Actress Andrea Karnasová: "Acting is...like being a prostitute. You have to sell everything - your body and soul,"Ron Severdia
Andrea Karnasová is an actress. She is one of many who studied at Bratislava's conservatory, and one of many who now perform in small venues and work as film "extras" as they chase the dream of getting their big break in show business. At 23 years old, she is paying her dues, expecting that greater things will one day sweep her away.
"You have to really work to find work," Karnasová said following a recent performance of Slúžky (Servants) at Bratislava's Divadlo West.
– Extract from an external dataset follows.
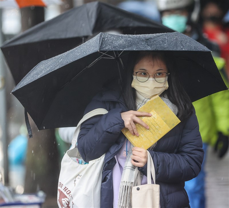 學測首日,考生撐傘赴考場。圖/中央社

Igor Krempaský, another actor, agrees wholeheartedly. "The hardest thing is survival," he said. "Young actors here really have only two venues in which to work - dubbing and radio - nothing else." Csongor Kassai, the third performer, can't do either one because of his slight Hungarian accent. "Despite this handicap, I act, because I can't do anything else," Kassai said as he shrugged his shoulders in exasperation.
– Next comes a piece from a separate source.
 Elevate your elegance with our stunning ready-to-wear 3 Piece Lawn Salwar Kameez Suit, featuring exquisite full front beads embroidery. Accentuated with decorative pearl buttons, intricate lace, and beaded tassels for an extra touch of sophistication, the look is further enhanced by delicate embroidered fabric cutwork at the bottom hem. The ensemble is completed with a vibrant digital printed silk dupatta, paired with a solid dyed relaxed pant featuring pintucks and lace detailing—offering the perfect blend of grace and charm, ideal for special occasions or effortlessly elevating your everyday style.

When people go to the theater, they see what looks like an ideal profession. No career could be easier than getting up on a stage and having a public conversation for a few hours, not to mention the heaps of cash the theater-going public may think that actors make. But the reality doesn't fit the vision. "A lot of people think that being an actor is easy-going and playing around in the theater and you make good money," Karnasová said. "It's just not true."
All three performers affirmed that acting is hard work, but the schooling can be just as difficult. The performing arts conservatory in Bratislava for high-school students has a curriculum consisting of dancing and other regimens, even though the training is a little less rigorous than at VŠMU, the state-run performing arts college. The busy schedule usually doesn't allow the budding actor to perform outside of his or her studies.
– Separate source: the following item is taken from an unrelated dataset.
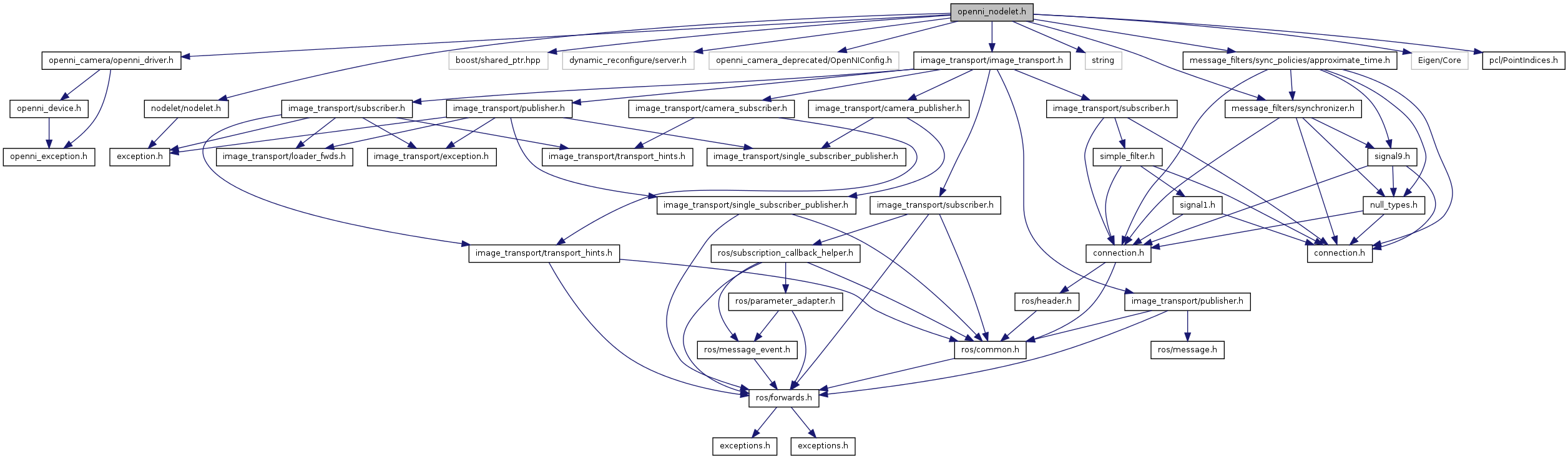 #include <nodelet/nodelet.h>#include "openni_camera/openni_driver.h"#include <boost/shared_ptr.hpp>#include <dynamic_reconfigure/server.h>#include <openni_camera_deprecated/OpenNIConfig.h>#include <image_transport/image_transport.h>#include <string>#include <message_filters/synchronizer.h>#include <message_filters/sync_policies/approximate_time.h>#include <Eigen/Core>#include <pcl/PointIndices.h>

As they struggle to keep their stage careers alive, Bratislava actors such as Igor Krempaský live on radio and dubbing work.Ron Severdia
Kassai is an exception. Currently in his fourth year at VŠMU, Kassai has managed to get a small part in Astorka Theater's children's production "Cinderella" as well as a short but brilliantly performed role in the Slovak National Theater's production of "As You Like It." In the performance, Kassai plays a hillbilly named "William," who while professing to have great intelligence, wants to marry the equally dim "Audrey."
At 33, Krempaský is long out of VŠMU, and also occasionally performs as a guest artist at Astorka Theater. "I would like to find not just any work, but a film or project where I can create something," he said. To make ends meet, Krempaský hosts a radio jazz show and dubs for different actors on the newly popular television show "Hercules."
Karnasová is officially a freelancer as well. Having studied only at the conservatory, she has less formal training than Kassai or Krempaský, but it doesn't seem to affect her career opportunities. She performs at the Trnava Theater as the wicked stepsister in Astorka Theater's "Cinderella," and she also does various dubbing projects including "Sweetpea" in the Popeye cartoon.
While many actors are at a loss to crystallize what acting really is and what kind of lifestyle goes along with it, only Karnasová was able to fire off a concrete answer about life as an actor.
"Acting is. . . like being a prostitute. You have to sell everything - your body and soul," she said. "When people pay for it, you have to show them something intimate."